DavidC: I've written a draft ?? for mdl and we've got a discussion tomorrow, I sent an early copy to manu and dave to ask them to look at the @context, I didn't circulate it to the group because I thought it was premature, but I will do so after tomorrow's meeting
burn: Going to look at PRs
<manu> https://github.com/w3c/vc-data-model/pulls
burn: manu just submitted a PR
<manu> https://github.com/w3c/vc-data-model/pull/708
manu: it's to address the only
outstanding issue we have, Ted raised issue 704 which was that
people can get mixed up if they copy and paste the
examples
... I found some css magic that makes it so when you highlight
the examples the css that's been added to the PR makes it so
that the comments are not copied
... you can literally select everything, copy and paste it into
somewhere else and thes tuff that's pasted is without the
comments and the ...s
... you can't copy the comments now in the spec
... I also updated some of the accessibility for the comments
and highlighted code, comments are now high contrast blue to
meet accessibility guidelines, highlights are in high contrast
green
... the one thing I did not do ted is point out the fact that the json contains comments,
the only way that someone is going to get those comments in is
either they're using a browser more than a decade old or they
hand type the examples into something
... so I don't know if you still feel like we need to point ou
tthat the json in the examples have comments in there that you
shouldn't copy meaning it would be invalid json
... it's easy to add it, just don't know if we need to
TallTed: browsers are not the only way peopel will interact with this. I turn specs into pdf or print them out. THere are multiple paths here
manu: it's not a big deal, I'll
add the text to the PR
... as soon as I add that text I'll make it a real PR
TallTed: there's no way to preview this before it gets merged because of the way this system works. It sounds good
manu: I have a preview link
<manu> here is the preview link: https://pr-preview.s3.amazonaws.com/w3c/vc-data-model/pull/708.html
TallTed: so now if someone wants to copy the comments there's a new problem
manu: the question is which
problem can we live with
... there's that PR
... that addresses the only outstanding issue, as long as
everyone is happy
oliver: if you scroll down to the jwt section there is a ... in quotes that gets highlighted
manu: I can fix that. Is the ... not supposed to be there?

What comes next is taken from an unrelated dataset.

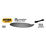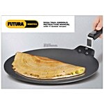 Futura Non-stick Dosa Tawa is designed with just the right curvature and thickness to give you the best cooking results when making dosa (rice and gram pancakes). The flange, which attaches the handle with strong stainless-steel rivets, is uniquely designed to not interfere with the cooking surface and to hence maximise the cooking area, allowing you to make a large dosa, or several uttapam or cutlets at one time. The 4.88 mm extra thick heavy gauge metal ensures fast and even heat conduction and retains heat well.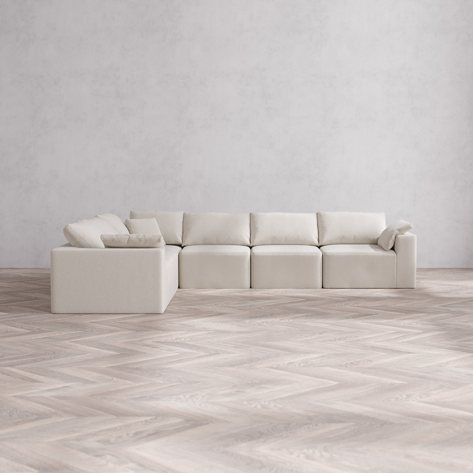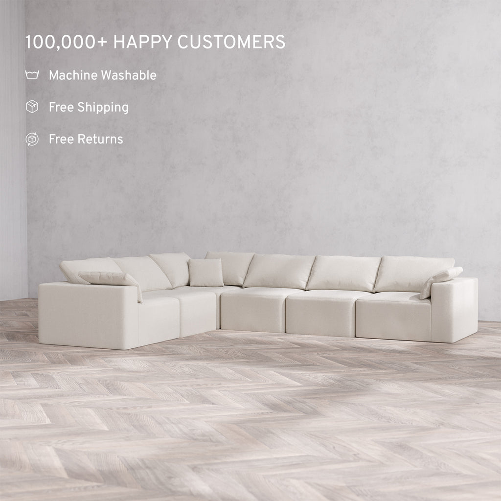 Slipcover Only - Modular Washable 6-Seater Corner Sectional Cloud Sofa in Pearl

oliver: it's supposed to be a base64 encoded string
manu: I'll look at that. Anything
else?
... Only example 30 needs to be fix
stonematt: nor Safari
manu: gaaaahhhh css
... I'll fix for all browsers
burn: anything else on this issue?
burn: I believe the only issue we
have left not deferred is the one we were just discussing
... so we're working on 704
... any objections to moving on?
manu: great news is the DID WG
charter is out for formal vote at the w3c. This is public. They
announce charter votes now on a public mailing list, and
request public comment on the charter as well
... What we need to do is clearly communicate with as many W3C
members, specifically AC reps, that we vote in support of the
charter. Right now with 0 notification we have 12 positive
votes. We need 25, and the closer we get to 40 or 50 the better
things will be
... I'm planning on contacting a veyr large subset of W3C AC
members who wanted to be let know when the vote goes out
... It's really imporatn we do that before the end of the
month, that's when we need to get as many votes as we can
in
... if there are companies that we know support the work but
are not yet W3C members and probably never will become them,
they shoudl still send in an email stating that their company
really wants this work to happen
<scribe> scribenick: DavidC
<manu> https://lists.w3.org/Archives/Public/public-new-work/2019Aug/0000.html
Manu asks that we broadly circulate the public announcement for the DID new work item
and asks everyone to ask companies they know to vote in support of it with W3C
All the public comments are very positive. There is just one invisible (probably negative) comment
The vote stops at the end of August
<manu> https://www.w3.org/2019/08/did-wg-charter.html
<manu> https://www.w3.org/2002/09/wbs/33280/did-wg-2019/results
Still determining who the second chair of the WG will be. Dan will be one
<burn> https://github.com/w3c/vc-test-suite/issues
Dan updated the status of the test suite and reports
Andre asked if the implementation reports could link to a repo with the code used for the testing
<burn> DavidC: we have passed all the tests, still need to update the test report
<burn> https://github.com/w3c/vc-imp-guide/issues
<deiu> https://github.com/w3c/vc-imp-guide/pulls
<deiu> https://github.com/w3c/vc-imp-guide/pull/18
<manu> +1 to merge.
Andrei said this PR can be merged
No objections to this
<manu> +1 to merge.
<deiu> https://github.com/w3c/vc-imp-guide/pull/19
<Zakim> manu, you wanted to request we setup github preview...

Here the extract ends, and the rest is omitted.